Sports

Sportscasts, with ESPN leading way, lose touch with what counts

Ever see the TV show “Ice Road Truckers”? It tracks drivers of 18-wheelers as they haul to and from remote villages in Alaska and the Yukon.

Of course, the show’s producers aren’t going to spend an hour showing you rigs being driven in good, safe conditions. So they show us the trucks being driven during what appear to be the most senseless conditions — during white-outs, blizzards and ice storms, when the drivers, trucks and cargo are in the most peril.

It’s as if these folks wait for rotten weather, then drive straight — or as straight as they can — into it.

And such programming is called, “Reality TV.” But today, “Gilligan’s Island” would be called a documentary.
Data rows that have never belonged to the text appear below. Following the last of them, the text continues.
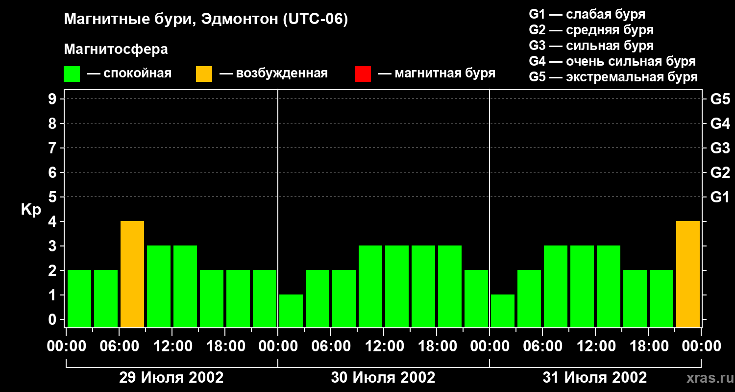 Магнитные бури в Эдмонтоне — 31 июля 2002 года
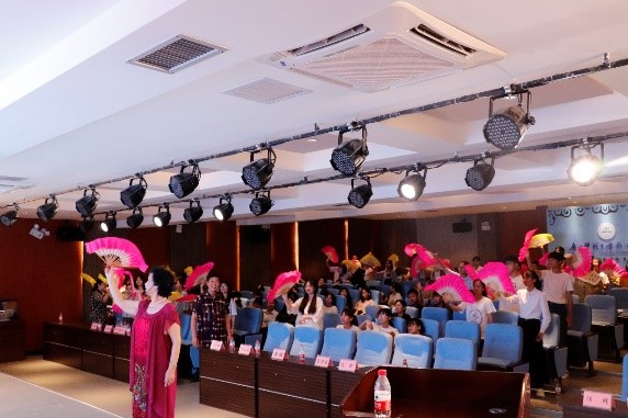 彩调是广西的一种地方戏剧,是广西城乡流传最广、最有乡土味的剧种,唐洁老师为彩调的保护和传承不懈努力了40多年。唐老师首先通过讲座,介绍了彩调的形式,包括一人表演的独角戏、两人一问一答表演的对子调、三人表演的三小戏(小生、小旦、小丑)。然后,她指出彩调音乐分为四种,如腔、板、调以及民间小调。彩调不仅有丰富的唱腔300首,有扇花类、步法类、指法类、手绢花、高桩、中桩、矮桩等多种身段,而且还借用文场的南词、丝弦等。唐老师边讲边演唱不同腔调,展示其特色,令人印象深刻。在谈到彩调是“快乐剧种”时,唐老师和李老师演绎了国家级非物质文化遗产项目广西彩调表演,如《挑女婿》、《四门摘花》、《王三大鸟》、《刘三姐》等彩调剧片段。最后,唐老师讲解了“彩调三宝”彩扇、彩带和手帕,给现场的师生传授绣球扇、滚球扇、砍扇等扇子的表演方式。
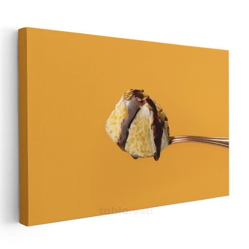 Çikolatalı Kek - Kaşık Üzerinde Tatlı Anı Kanvas Tablo
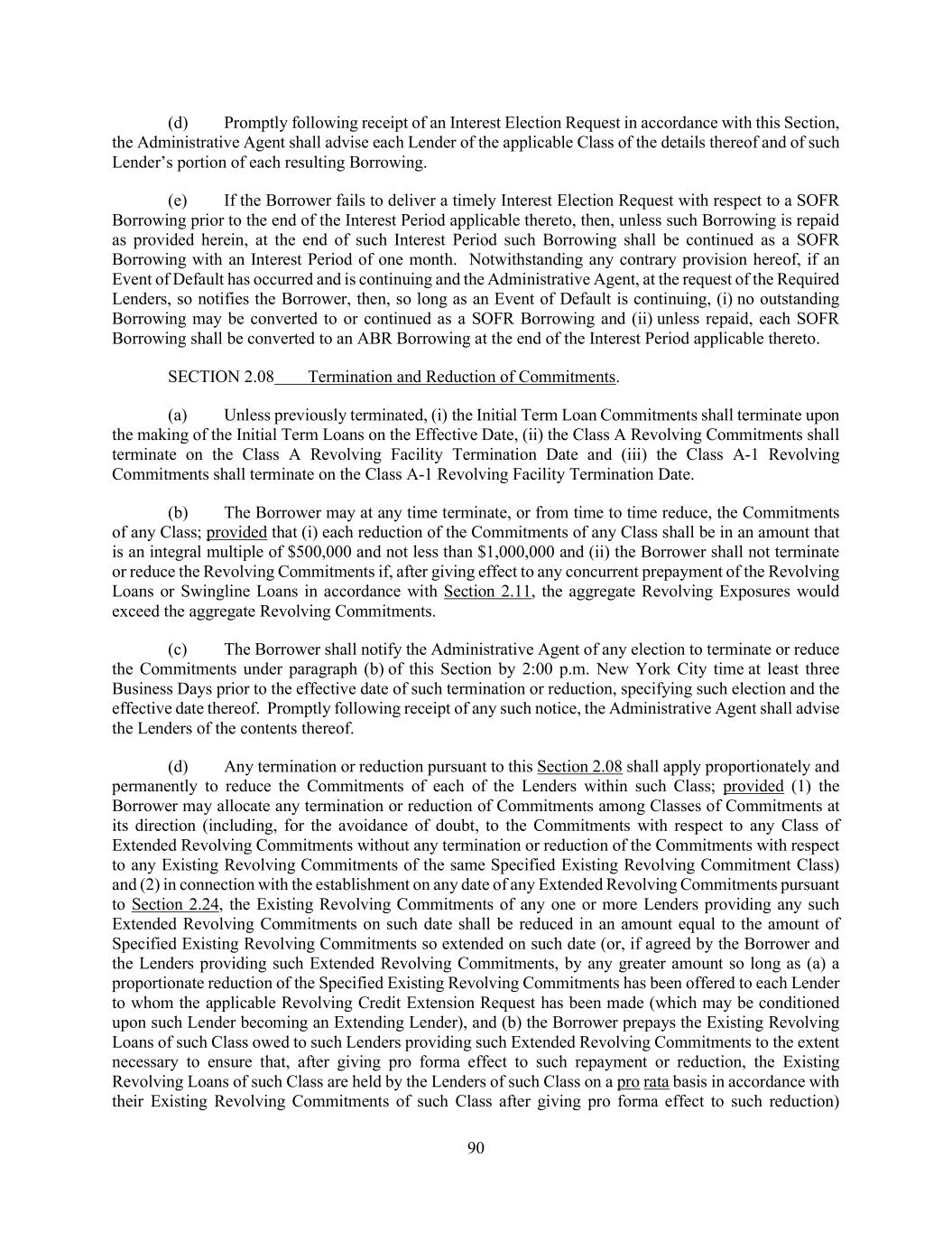 117 Replacement Revolving Commitments (or any earlier Extended Revolving Commitments) of an Existing Class subject to such Loan Modification Offer converted or exchanged into Extended Loans/Commitments shall notify the Administrative Agent (an “Extension Election”) on or prior to the date specified in such Loan Modification Offer of the amount of its Term Loans, Revolving Commitments and/or Replacement Revolving Commitments (and/or any earlier Extended Revolving Commitments) which it has elected to convert or exchange into Extended Loans/Commitments (subject to any minimum denomination requirements imposed by the Administrative Agent). In the event that the aggregate amount of Term Loans, Revolving Commitments and Replacement Revolving Commitments (and any earlier-extended Extended Revolving Commitments) subject to Extension Elections exceeds the amount of Extended Loans/Commitments requested pursuant to the Loan Modification Offer, Term Loans, Revolving Commitments, Replacement Revolving Commitments or earlier-extended Extended Revolving Commitments, as applicable, subject to Extension Elections shall be converted to or exchanged to Extended Loans/Commitments on a pro rata basis (subject to such rounding requirements as may be established by the Administrative Agent) based on the amount of Term Loans, Revolving Commitments, Replacement Revolving Commitments and earlier-extended Extended Revolving Commitments included in each such Extension Election or as may be otherwise agreed to in the applicable Loan Modification Agreement. Notwithstanding the conversion of any Existing Revolving Commitment into an Extended Revolving Commitment, unless expressly agreed by the holders of each affected Existing Revolving Commitment of the Specified Existing Revolving Commitment Class, such Extended Revolving Commitment shall not be treated more favorably than all Existing Revolving Commitments of the Specified Existing Revolving Commitment Class for purposes of the obligations of a Revolving Lender in respect of Swingline Loans under Section 2.04 and Letters of Credit under Section 2.05, except that the applicable Loan Modification Agreement may provide that the last day for issuing Letters of Credit may be extended and the related obligations to issue Letters of Credit may be continued (pursuant to mechanics to be specified in the applicable Loan Modification Agreement) so long as the applicable Issuing Bank has consented to such extensions (it being understood that no consent of any other Lender shall be required in connection with any such extension). (d) Extended Loans/Commitments shall be established pursuant to Loan Modification Agreement (which, except to the extent expressly contemplated by the penultimate sentence of this Section 2.24(d) and notwithstanding anything to the contrary set forth in Section 9.02, shall not require the consent of any Lender other than the Extending Lenders with respect to the Extended Loans/Commitments established thereby) executed by the Loan Parties, the Administrative Agent and the Extending Lenders. In addition to any terms and changes required or permitted by Section 2.24(a), each Loan Modification Agreement in respect of Extended Term Loans shall amend the scheduled amortization payments pursuant to Section 2.10 or the applicable Incremental Facility Amendment or Loan Modification Agreement with respect to the Existing Class of Term Loans from which the Extended Term Loans were exchanged to reduce each scheduled installment scheduled to be repaid on any date for the Existing Class in the same proportion as the amount of Term Loans of the Existing Class is to be reduced pursuant to such Loan Modification Agreement (it being understood that the amount of any installment payable with respect to any individual Term Loan of such Existing Class that is not an Extended Term Loan shall not be reduced as a result thereof). In connection with any Loan Modification Agreement, the Borrower shall deliver an opinion of counsel reasonably acceptable to the Administrative Agent and addressed to the Administrative Agent and the applicable Extending Lenders (i) as to the enforceability of such Loan Modification Agreement, this Agreement as amended thereby, and such of the other Loan Documents (if any) as may be amended thereby (in the case of such other Loan Documents as contemplated by the immediately preceding sentence) and covering customary matters and (ii) to the effect that such Loan Modification Agreement, including the Extended Loans/Commitments provided for therein, does not breach or result in a default under the provisions of Section 9.02 of this Agreement.
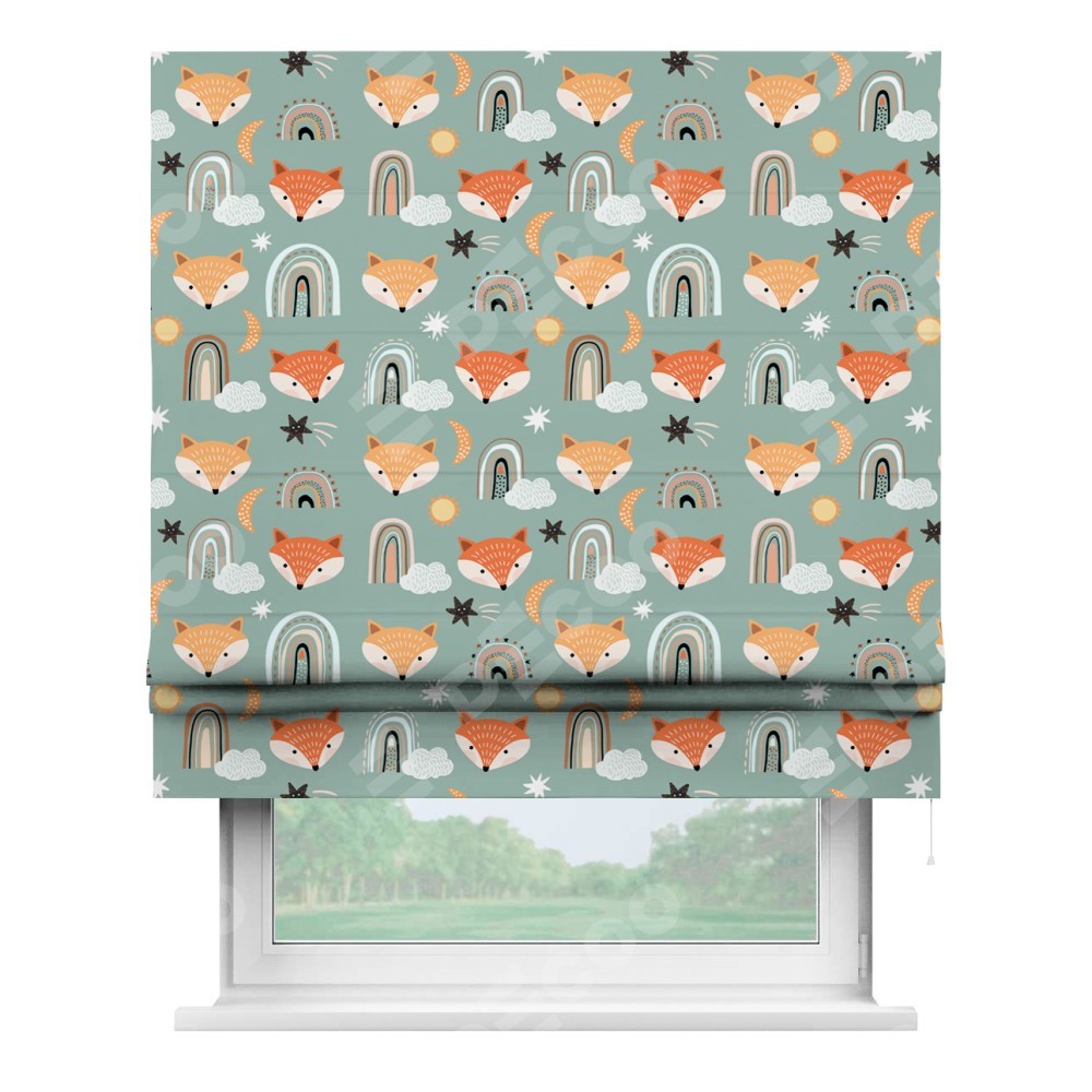 Римская штора производителя «Cortin», используется для проёма, пошита из ткани блэкаут с нанесением сублимационной печати «Озорные лисички». Имеет универсальный механизм и подходит для монтажа: на потолок, на стену и в нишу.

The same increasingly can be said of sports TV. The more senseless it is, the more we’re likely to see and hear of it; the more ridiculous, the better.

Tuesday night on SNY, the Mets were up, 3-2, in the ninth inning. With Jason Isringhausen pitching, the Marlins had the bases loaded and one out.

Now, for the first, oh, 50 years of baseball on live TV, such circumstances held the self-evident truth that this was not a time to be messed with. Just pay strict attention to what was going on.

But not anymore! These circumstances served as the prompt to post a full-screen graphic heralding “The Toyota Instant Text Poll!”

The question: “What should the Mets do right now?”

The choices: A) Leave in Isringhausen. B) Go to bullpen.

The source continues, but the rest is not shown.